American planners at the Joint Chiefs of Staff level believed that operations beyond southern Italy would be justified if the Allied forces gained air bases near Ancona from which to intensify the bombardment of German-held areas in Europe, if the Allies drove toward an invasion of southern France in support of the projected cross-Channel attack, and if they secured bases-perhaps even in Albania and Greece-from which to supply Balkan underground fighters. The Allied ground forces, in the opinion of these planners, should move overland to Rome in order to cover strategic and tactical air bases in southern Italy, then maintain “unremitting pressure” against the Germans with the possible aim of seizing and establishing air bases in the Ancona area. No major land operations, they believed, should be launched in the Balkans. Economic aid, they also recommended, should be provided to insure tolerable living standards among the Italian people.
[n3-11-5 JPS, Plans for Occupation of Italy and Her Possessions, 7 Aug 43, ABC 384, Post-HUSKY, Sec 2.]
Early in August, General Marshall informed General Eisenhower that he could expect to have for future operations at least twenty-four American, British, and French divisions. These were more than enough, Marshall thought, for occupying Italy up to a line somewhere north of Rome, seizing Sardinia and Corsica, and making an amphibious landing in southern France-the ends Marshall believed desirable for an Italian campaign. Ten divisions could contain the German forces in Italy, the others could execute the invasion of southern France. A secure position in Italy north of Rome, occupation of Sardinia and Corsica, nothing in the Balkans-these were President Roosevelt’s immediate aims. So far as the Americans were concerned, there was to be no march all the way up the Italian peninsula.[n3-11-6]

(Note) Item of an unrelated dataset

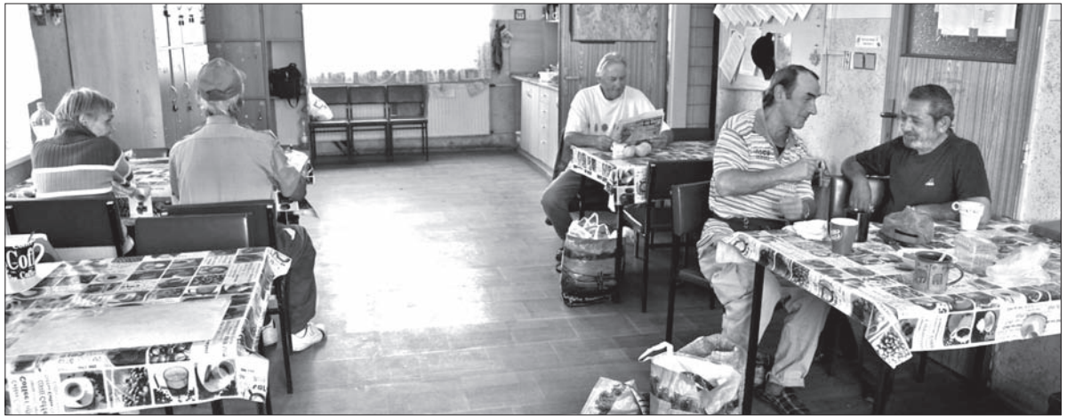
W ośrodku dziennym dla bezdomnych w Czeskim Cieszynie.

W naszym województwie policzono 2 574 bezdomnych, co przedstawia 21,5 proc. bezdomnych w skali kraju. Zaskakuje, że w Pradze jest ich o połowę mniej. – Osobiście jestem przekonany, że w Pradze jest sytuacja podobna, jak u nas, tak samo w województwie usteckim. Liczby, które uzyskaliśmy, zależne są od całego szeregu czynników: zaangażowania rachmistrzów, tego, jak rozległa jest sieć placówek dla bezdomnych i innych – powiedział Kartous. – Naszym zadaniem było przede wszystkim zdobyć dane charakteryzujące bezdomnych – ile mają lat, jakie mają obywatelstwo i tak dalej,

If the Germans intended to reinforce their troops in Italy, and there were some indications to that effect in mid-August, General Eisenhower believed that a firm grasp on the Naples area would be a respectable accomplishment. Yet it would be impractical, in his view, to limit the occupation of Italy to a line just north of Rome. A balanced equation-with an Allied army in central Italy, German forces in northern Italy, and a no man’s land between-was inconceivable. Either the Allies would have to drive the Germans out of Italy or be driven out themselves.
The comparative weights of the resources employed by the opponents would decide the issue. His own capabilities, Eisenhower informed Marshall, were limited more by the shortage of personnel and materiel replacements, particularly of shipping and landing craft, than by actual strength in terms of divisions.[n3-11-7]
[n3-11-6 Marshall to Eisenhower, n.d. (about 7 Aug 43), OPD Exec 3, Item 4: Memos, Marshall for Handy and Handy for Marshall, 9 Aug 43, ABC 384: Interv, Mathews, Lamson, Hamilton, and Smyth with Marshall, 25 Jul 49, OCMH.]
[n3-11-7 Eisenhower to Marshall, 13 Aug 43, OPD Exec 3,Item 5-178]
The Allied leaders meeting in Quebec in August for the QUADRANT Conference received a warning from General Eisenhower that the immediate build-up in Italy was likely to be slow and that the Allied forces might face prolonged and bitter fighting. A firm hold on Naples might be the practical limit of the invasion at Salerno. Beyond Naples, Allied troops might have to fight their way “slowly and painfully” up the peninsula. Early exploitation to the Alps was a “delightful thought but … not to be counted upon with any certainty.”[n3-11-8]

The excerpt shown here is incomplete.